Update from the event organizer (September 24, 2020)

This Friday's event will feature Aiko Majikina, teacher of dance at her own school Majikina Honryu and esteemed member of @oaamensore  [Okinawa Association of America]

 

The Okinawa Memories Initiative at the University of California, Santa Cruz, is going to host a community conversation event via zoom on eisa (dance)

Christopher Nelson, associate professor at the University of North Carolina at Chapel Hill, attends this event. 

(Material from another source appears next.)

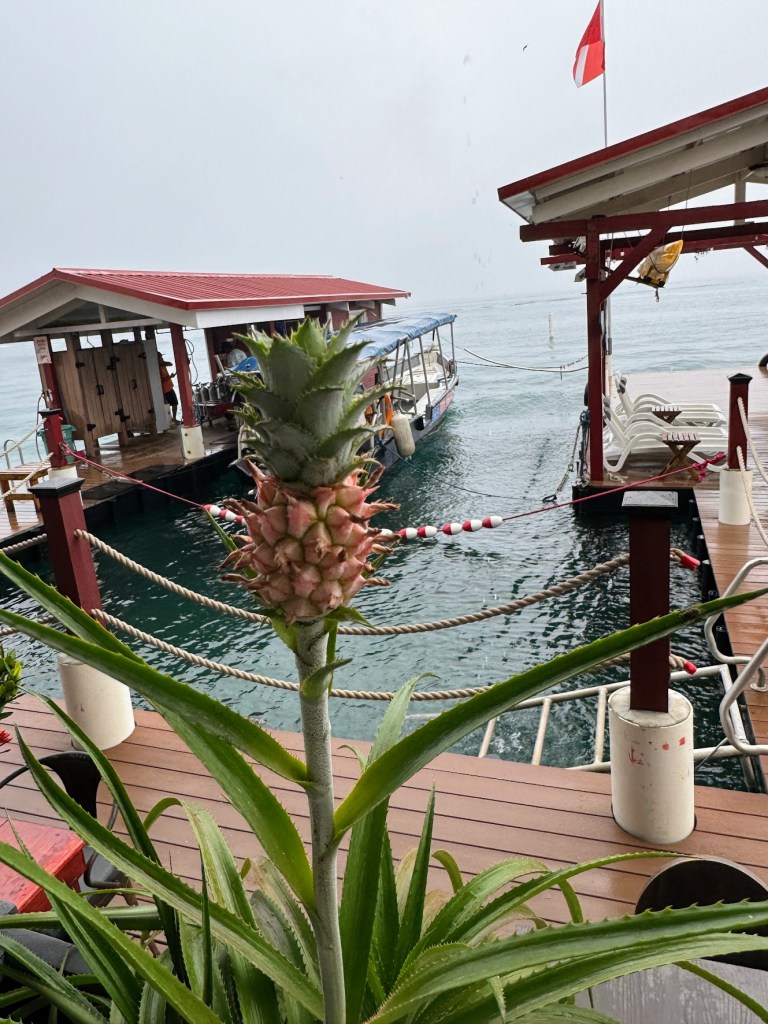 We had to catch a boat ride back to the mainland in the morning. We woke up, and it was raining but still 30C out. We packed up, walked to the boat dock, stuffed ourselves on a VERY full boat, and started the trek across the ocean. While we were in the middle of it all, I had the realization that what we were doing was absolutely insane!! It was stormy, we were in the middle of the ocean for 25 minutes, the boat was packed to the brim, and next to Jake and Lily was a boy with a couple of chickens on his lap!!! I mean, they were in a box, but still;).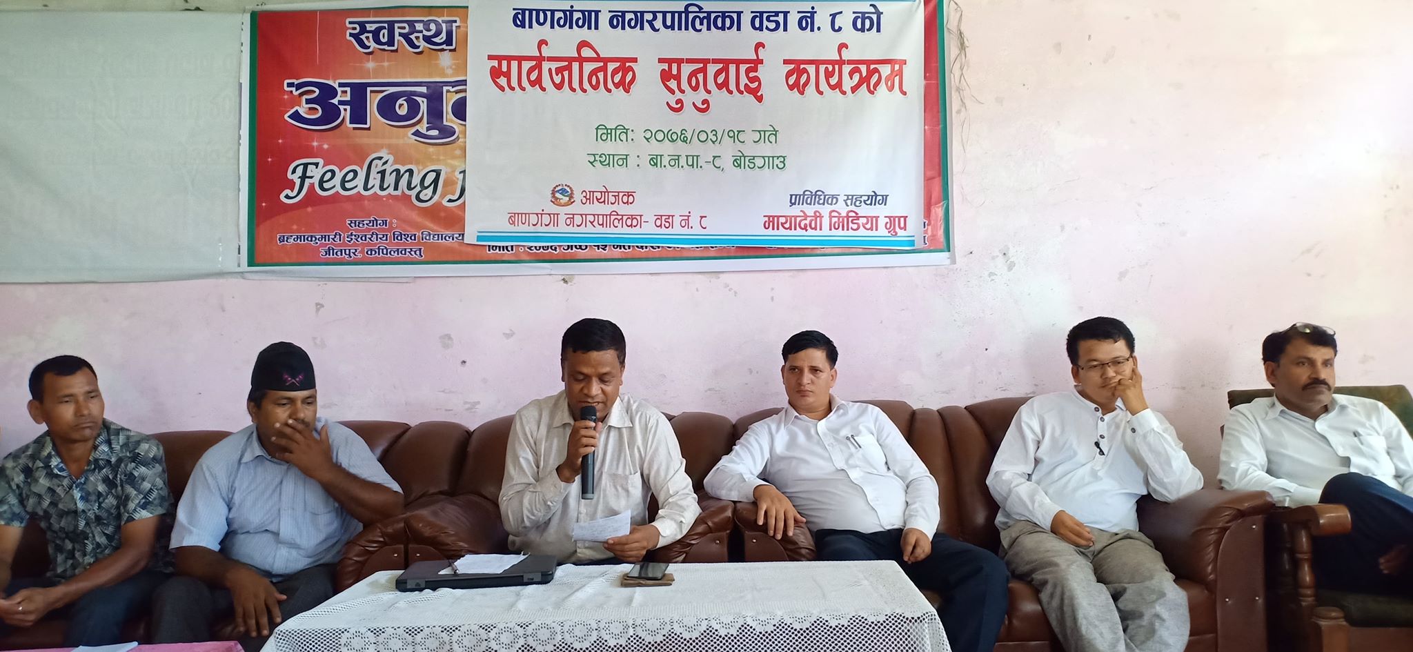 कपिलवस्तुको वाणगंगा नगरपालिका वडा नं. ८ का वडाबासीले वडा अध्यक्षको खुलेरै प्रशंसा गरेका छन् । वडा कार्यालयले दिने सेवा प्रवाह देखि विकास निर्माणका काममा आफुहरु सन्तुष्ट रहेको वडाबासीले बताए । वडा कार्यालयको आयोजना तथा मायादेवी मिडिया ग्रुप प्रालिको प्राविधिक सहयोगमा बुधबार भएको सार्वजनिक सुनुवाई कार्यक्रममा बोल्ने अधिकांश बक्ताले वडाध्यक्षको काम प्रति प्रशंसा गर्दै सुझाव सहितको प्रश्न राखेका थिए ।

Event's Information Page: https://thi.ucsc.edu/event/christopher-nelson-okinawa-memories-initiative/

 

References:

  1. About the Okinawa Memories Initiative at the University of Santa Cruz: https://thi.ucsc.edu/projects/okinawa-memories-initiative/
  2. Nelson, Christopher T. Dancing with the Dead Memory, Performance, and Everyday Life in Postwar Okinawa  Durham: Duke University Press, 2008. 
  3. About the Dancing with the Dead Memory from the publisher's site: 

"Challenging conventional understandings of time and memory, Christopher T. Nelson examines how contemporary Okinawans have contested, appropriated, and transformed the burdens and possibilities of the past. Nelson explores the work of a circle of Okinawan storytellers, ethnographers, musicians, and dancers deeply engaged with the legacies of a brutal Japanese colonial era, the almost unimaginable devastation of the Pacific War, and a long American military occupation that still casts its shadow over the islands. The ethnographic research that Nelson conducted in Okinawa in the late 1990s—and his broader effort to understand Okinawans’ critical and creative struggles—was inspired by his first visit to the islands in 1985 as a lieutenant in the U.S. Marine Corps.
Nelson analyzes the practices of specific performers, showing how memories are recalled, bodies remade, and actions rethought as Okinawans work through fragments of the past in order to reconstruct the fabric of everyday life. Artists such as the popular Okinawan actor and storyteller Fujiki Hayato weave together genres including Japanese stand-up comedy, Okinawan celebratory rituals, and ethnographic studies of war memory, encouraging their audiences to imagine other ways to live in the modern world. Nelson looks at the efforts of performers and activists to wrest the Okinawan past from romantic representations of idyllic rural life in the Japanese media and reactionary appropriations of traditional values by conservative politicians. In his consideration of eisā, the traditional dance for the dead, Nelson finds a practice that reaches beyond the expected boundaries of mourning and commemoration, as the living and the dead come together to create a moment in which a new world might be built from the ruins of the old."